To briefly summarize the events which led to these charges (a full explanation can be found here): Wuterich's squad was driving down the road when a roadside bomb took out one Humvee, killing one member of Wuterich's squad and injuring others. The squad observed a group of Iraqis nearby in a car, and it is common for the people who detonate these bombs to do so from a nearby car. So, the squad ordered the Iraqis out of the car. Upon exiting the car, the Iraqis started running away, so the squad opened fire and killed them. Immediately thereafter, the squad came under fire from a nearby cluster of houses. The squad identified the house where the fire appeared to be coming from, surrounded the house, and rolled several grenades inside, killing the occupants. The squad then came under fire from another nearby house, and stormed the house, killing those occupants. Here's the problem: the Iraqis in the car were found to be unarmed, without a detonator, and thus were merely innocent bystanders. The first house that the squad attacked was inhabited mostly by women and children, with no arms anywhere in the house. Ditto the second house. So, at the end of the day, the squad killed a number of innocent civilians, which is indisputably a tragedy.

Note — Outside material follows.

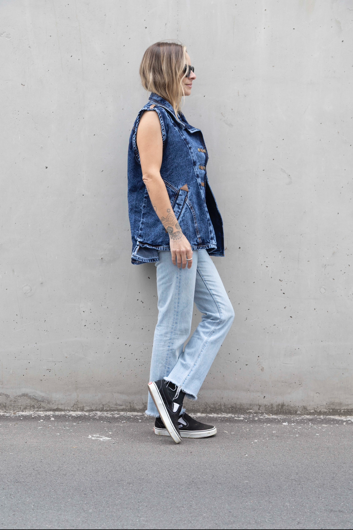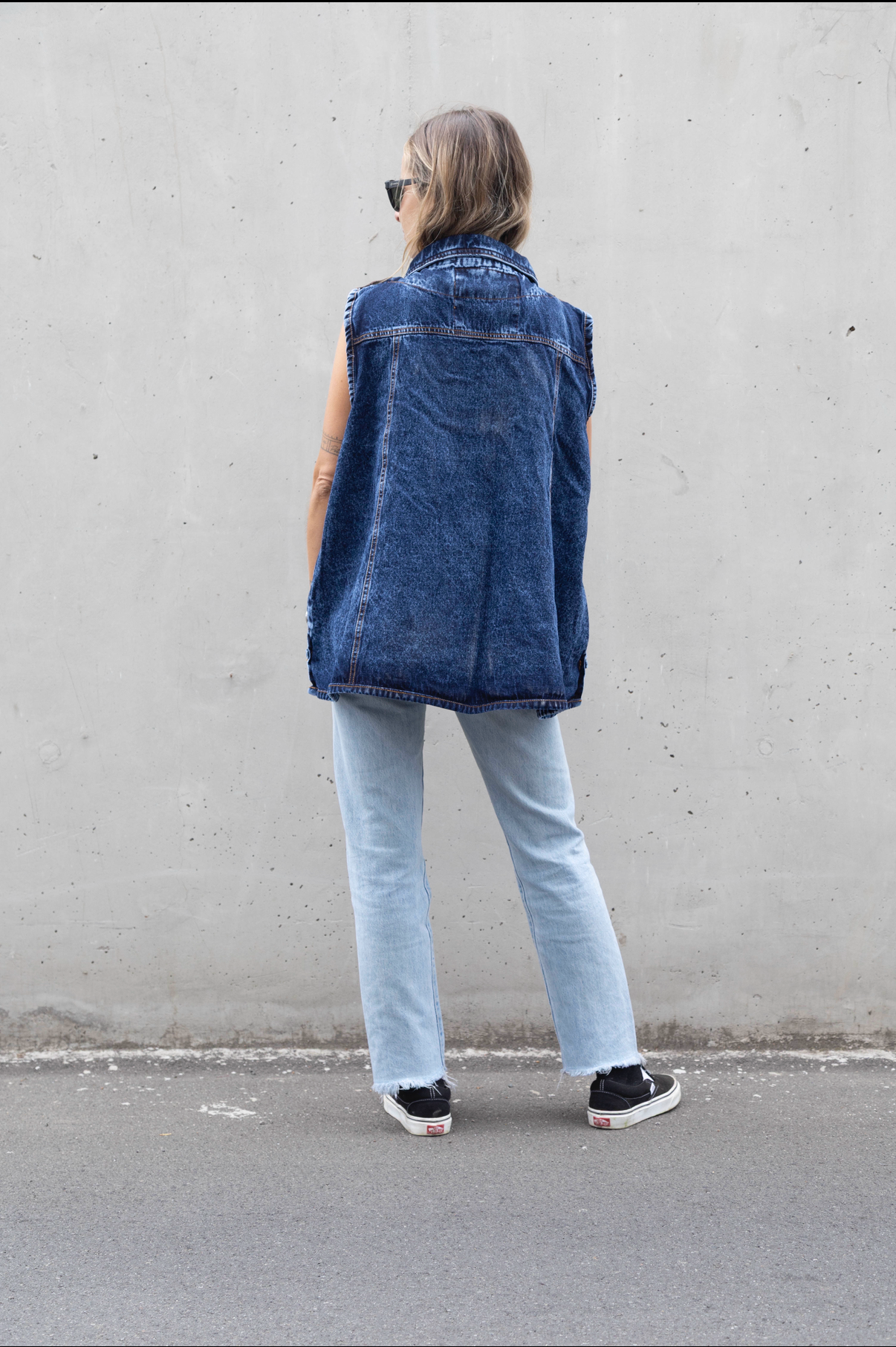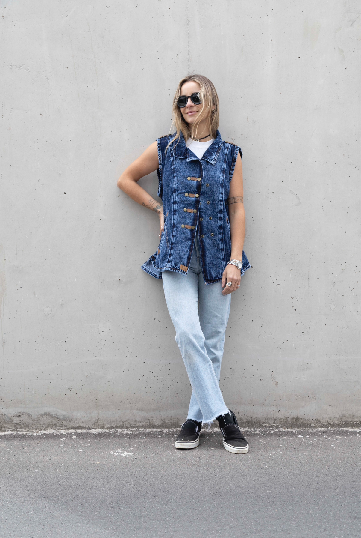 Una chaqueta sin mangas es siempre una buena opción para días de calor y nuestra Aydin es ideal para un look casual y con carácter. Corte asimétrico y bolsillos laterales que mantienen la silueta limpia y funcional. Broches metálicos con detalles en cuero que contrastan con la prenda.

Now, let me tell you why the prosecution of any of these Marines is a total farce. And, since I've never seen combat, let me use the words of someone who saw a whole lot of combat: "You cannot qualify war in harsher terms than I will. War is cruelty, and you cannot refine it...." Gen. William Sherman. And Sherman's words are as true today as they were in 1864. In every war ever fought, there have been civilian casualties. That's simply part of the bargain. In World War II, generally considered by Americans as a good and just war, Allied bombers firebombed Dresden, Germany, resulting in tens of thousands of civilian deaths. Let's just say it plainly: in war, civilians die. Always have, always will.

The problem is, the Administration doesn't want to, and in some ways can't afford to, admit that to the American people. The Administration needs us to believe that this is a "clean" war, where we are killing only insurgents and winning the hearts and minds of the Iraqi people. We all know that, in reality, this is total bullshit. But we must also recognize that this cannot be done, even in theory. The history of war proves otherwise. Indeed, the history of war suggests that military commanders are no more than passingly concerned with civilian casualties, so long as a strategic goal is met. The atom bombs dropped on Japan are convincing proof of this.

As Americans, we need to understand that every time our military flexes its muscles, the inevitable result is civilian casualties. Understanding this, we must always ask ourselves: is it worth it? It can be argued, and I would be willing to argue, that the civilian casualties in World War II, which probably topped ten million when counted world wide (Russian alone suffered several million), were worth it, given what was at stake. I think it is equally clear that, in Iraq, they are not worth it. Others may disagree, but we all need to understand that the debate cannot based on the theory that war can be conducted cleanly. If we believe in what we are doing in Iraq, we should be willing to tolerate civilian casualties. If civilian casualties bother us, and the government's treatment of Sgt. Wuterich and Blackwater suggest that the government is indeed bothered, we should take that as a sign that perhaps we no longer believe the hype. And when we recognize that, we must recognize that it is time to withdraw.